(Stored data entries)
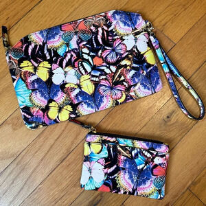 Lodis Dustine Eifel beautiful bright butterfly graphic print wristlet clutch bag purse and matching coin purse wallet
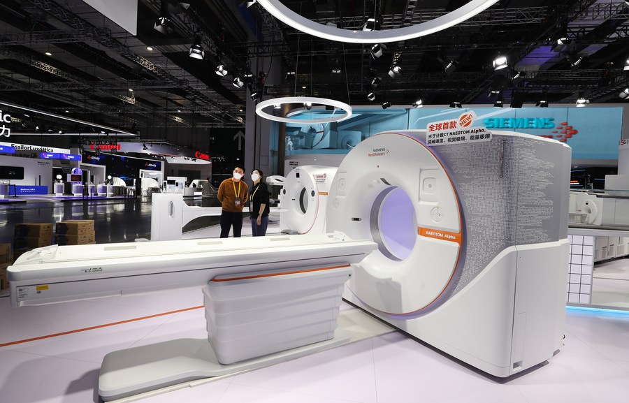 This photo taken on Nov. 2, 2022 shows a medical device of German company Siemens to be displayed in the fifth China International Import Expo (CIIE) in Shanghai, east China. (Xinhua/Fang Zhe)
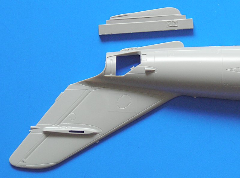 Als Quickboost diese Satz ankündigte, war ich sehr neugierig, was wohl mit der Finne nicht stimmen würde. Wie das Foto zeigt, liegt der Unterschied hauptsächlich in der Länge begründet. Je nachdem wie man den Austausch vornehmen möchte, muss man die Finne abtrennen. Das heißt entweder stumpf an der Modelloberfläche abschneiden und das Ersatzteil ebenso stumpf ankleben oder vor dem Zusammenkleben herausschneiden und dann das Resinteil in den Schlitz einkleben. Beide Varianten haben Vor- und Nachteile. Quickboost gibt keine Hinweise wie dies vorzunehmen ist.
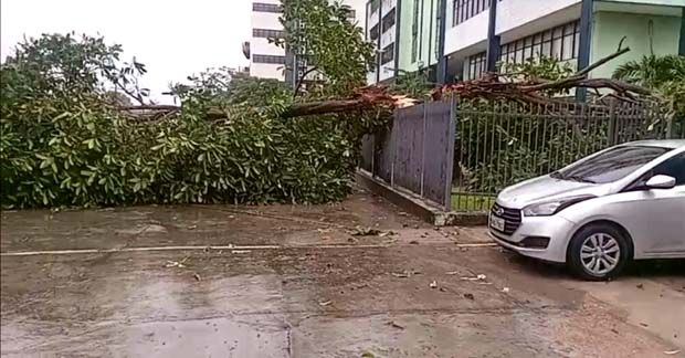 A tempestade causou diversos estragos na cidade como alagamentos e várias quedas de árvores pelos bairros.
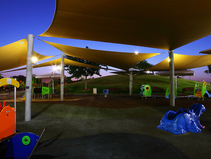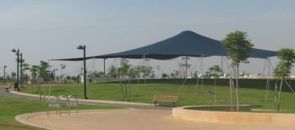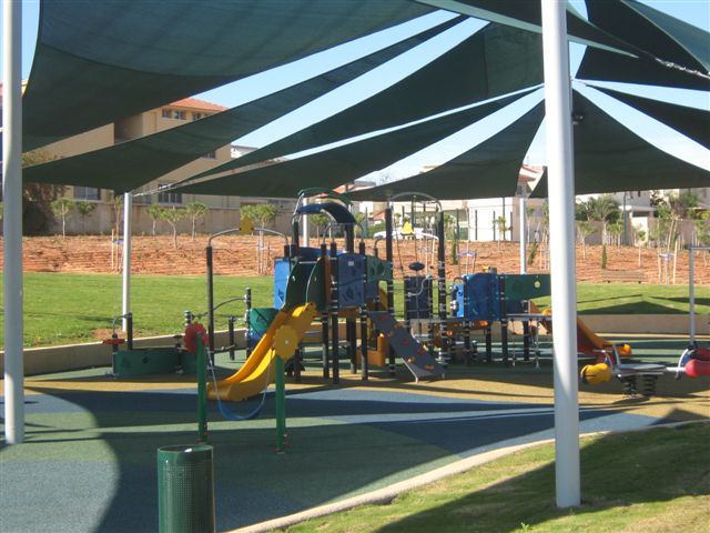 הפארק חשוף לשמש והעצים בו עדיין צעירים ולא נותנים צל. בנקודות שונות הוצבו יריעות הצללה, כולל באזור מתקני המשחקים.
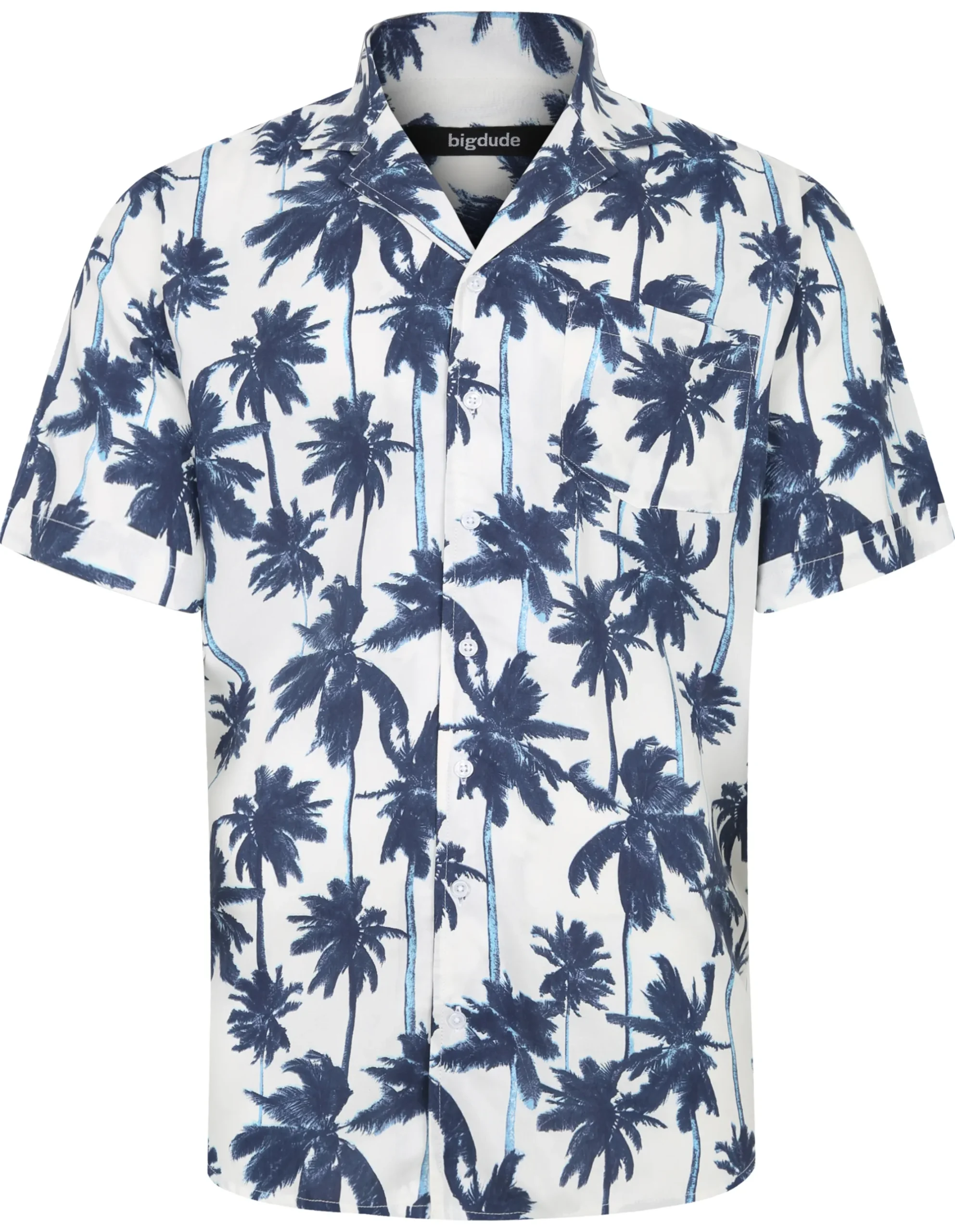 – Blue palms viscose relaxed collar shirt by Bigdude- Short sleeves- Pocket to lef…

**ACTIVITY:** Give again, exactly, the lines starting at the first entry above and ending at the line with "This photo taken"; please leave pictures out.

**WRITTEN SOLUTION:**
 Lodis Dustine Eifel beautiful bright butterfly graphic print wristlet clutch bag purse and matching coin purse wallet
 This photo taken on Nov. 2, 2022 shows a medical device of German company Siemens to be displayed in the fifth China International Import Expo (CIIE) in Shanghai, east China. (Xinhua/Fang Zhe)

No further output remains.